* **Problem statement**:
Repeat the data as given. Images do not go in the copy.
+++ Recorded data +++
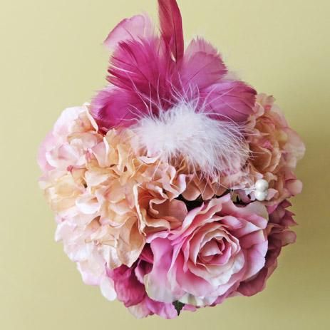 造花アレンジメント【ニーナ】ピンクモーブの色彩がオシャレなラウンド型の、花器もこだわったアレンジメントです。
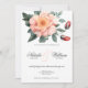 Chic do campo branco, rosa-pincelado, vermelho e verde poeirento convite para o casamento floral. Este belo convite de buquê de flor de água é perfeito para qualquer garota de vidro elegante e sofisticada. Este design é ideal para um evento de tendências e na moda. Personalize este design com sua própria mensagem e informações personalizadas. Todas as designs são impressas.
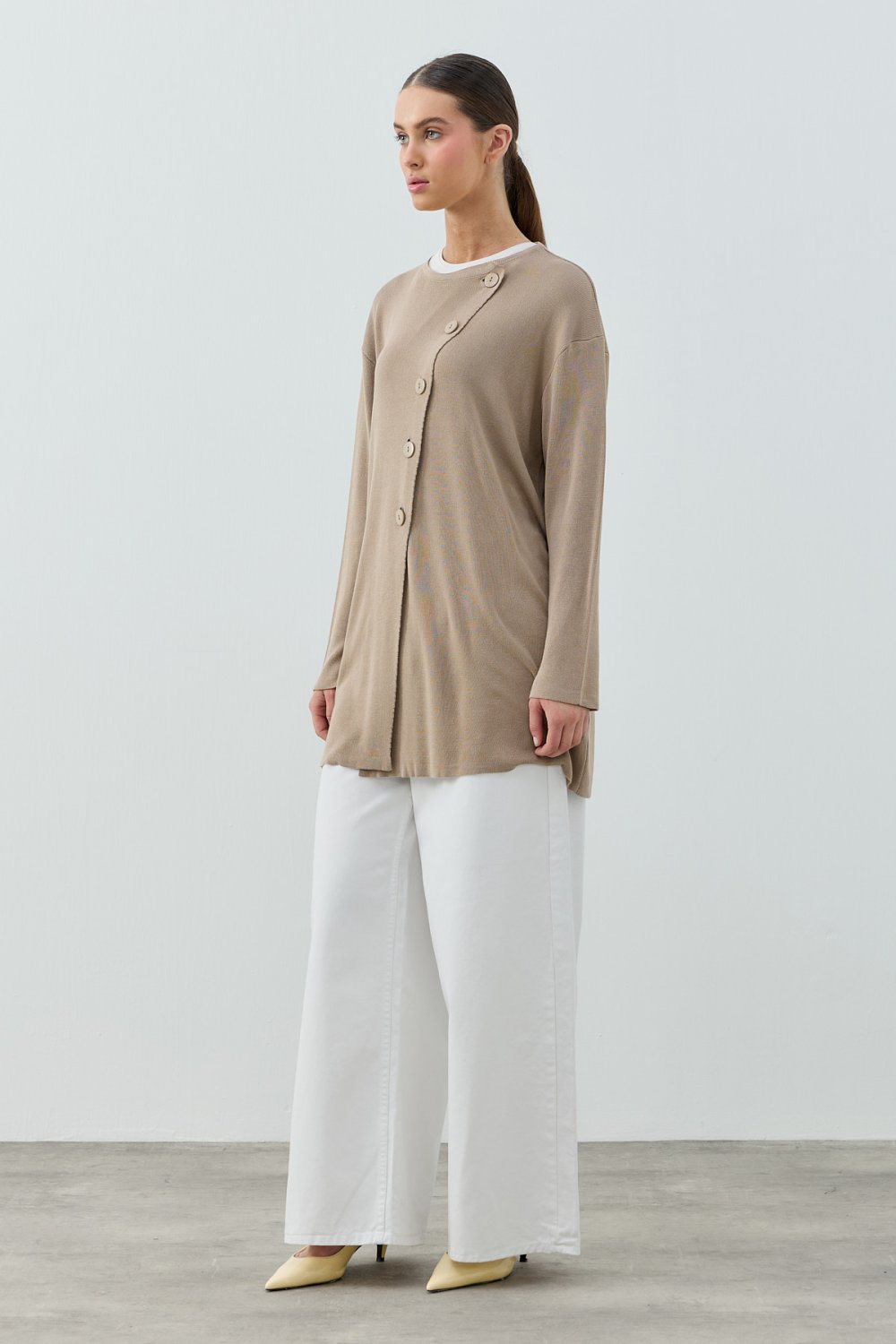 Yan Düğme Hırka-Vizon -MRW-1789
+++
* **Result of the task**:
 造花アレンジメント【ニーナ】ピンクモーブの色彩がオシャレなラウンド型の、花器もこだわったアレンジメントです。
 Chic do campo branco, rosa-pincelado, vermelho e verde poeirento convite para o casamento floral. Este belo convite de buquê de flor de água é perfeito para qualquer garota de vidro elegante e sofisticada. Este design é ideal para um evento de tendências e na moda. Personalize este design com sua própria mensagem e informações personalizadas. Todas as designs são impressas.
 Yan Düğme Hırka-Vizon -MRW-1789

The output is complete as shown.